--- INFORMATION SUPPLIED Enclosed Below ---
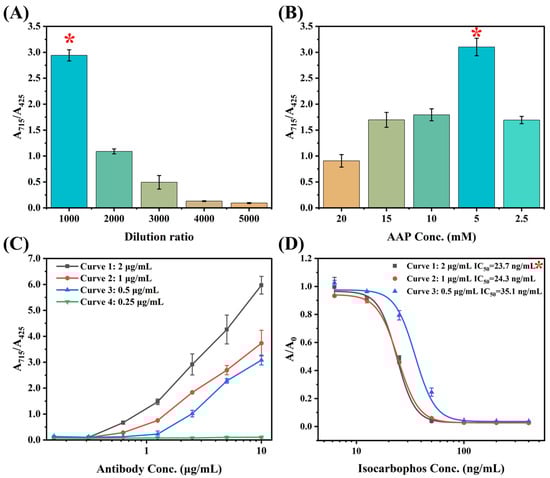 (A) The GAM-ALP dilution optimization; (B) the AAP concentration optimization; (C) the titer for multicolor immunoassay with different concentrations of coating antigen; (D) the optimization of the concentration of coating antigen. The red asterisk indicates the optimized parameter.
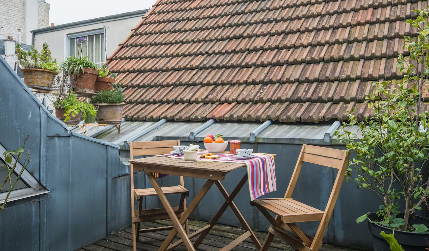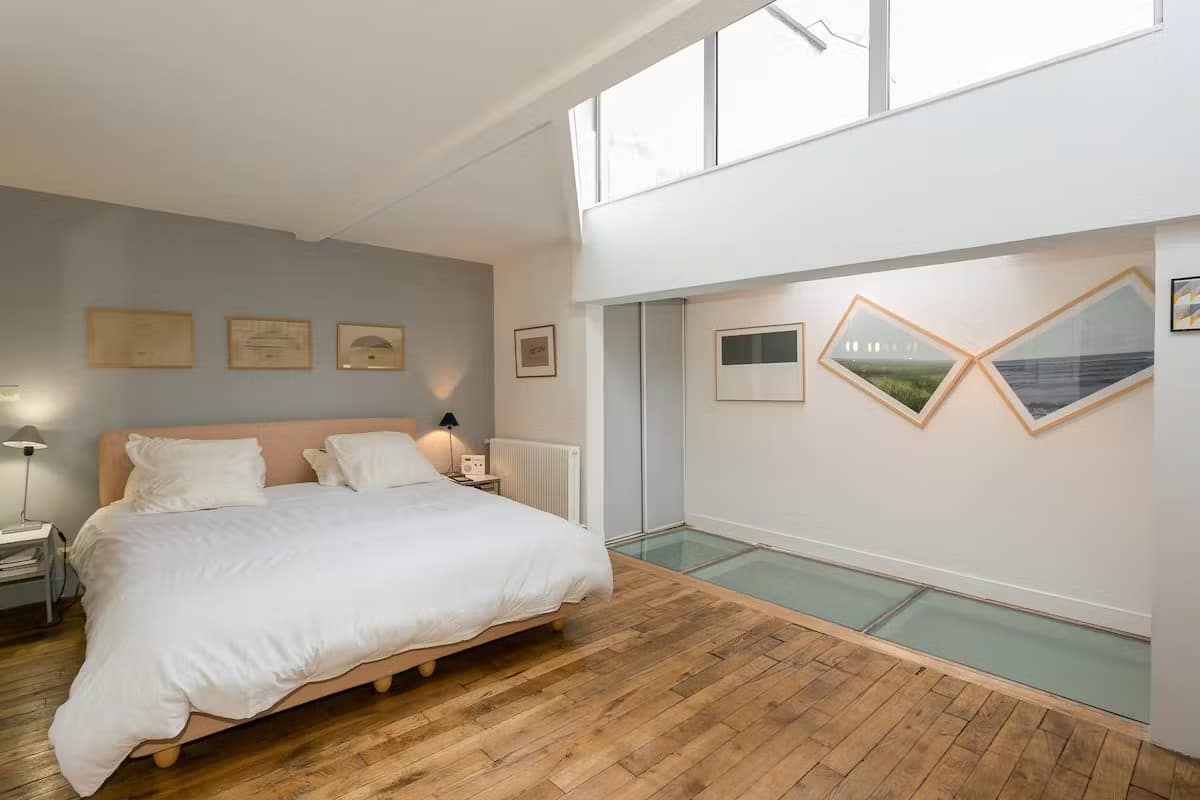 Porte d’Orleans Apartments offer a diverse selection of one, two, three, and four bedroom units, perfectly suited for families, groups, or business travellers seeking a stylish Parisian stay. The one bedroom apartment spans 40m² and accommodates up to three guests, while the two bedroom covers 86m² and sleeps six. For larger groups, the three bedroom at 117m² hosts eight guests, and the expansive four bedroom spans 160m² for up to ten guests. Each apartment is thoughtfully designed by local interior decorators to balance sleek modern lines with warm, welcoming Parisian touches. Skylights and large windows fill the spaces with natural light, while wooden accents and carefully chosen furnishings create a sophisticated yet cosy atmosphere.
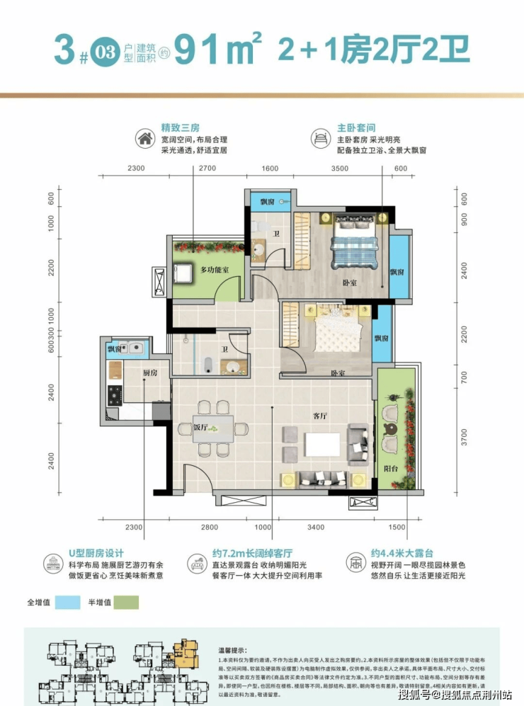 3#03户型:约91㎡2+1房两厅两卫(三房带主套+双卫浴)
--- End of Enclosed INFORMATION SUPPLIED ---
TASK TO COMPLETE:
Both the line containing "Porte d’Orleans Apartments" and the last line of the listing above belong in the copy, along with every line between them; retype them exactly and omit the pictures.

EXERCISE RESULT:
 Porte d’Orleans Apartments offer a diverse selection of one, two, three, and four bedroom units, perfectly suited for families, groups, or business travellers seeking a stylish Parisian stay. The one bedroom apartment spans 40m² and accommodates up to three guests, while the two bedroom covers 86m² and sleeps six. For larger groups, the three bedroom at 117m² hosts eight guests, and the expansive four bedroom spans 160m² for up to ten guests. Each apartment is thoughtfully designed by local interior decorators to balance sleek modern lines with warm, welcoming Parisian touches. Skylights and large windows fill the spaces with natural light, while wooden accents and carefully chosen furnishings create a sophisticated yet cosy atmosphere.
 3#03户型:约91㎡2+1房两厅两卫(三房带主套+双卫浴)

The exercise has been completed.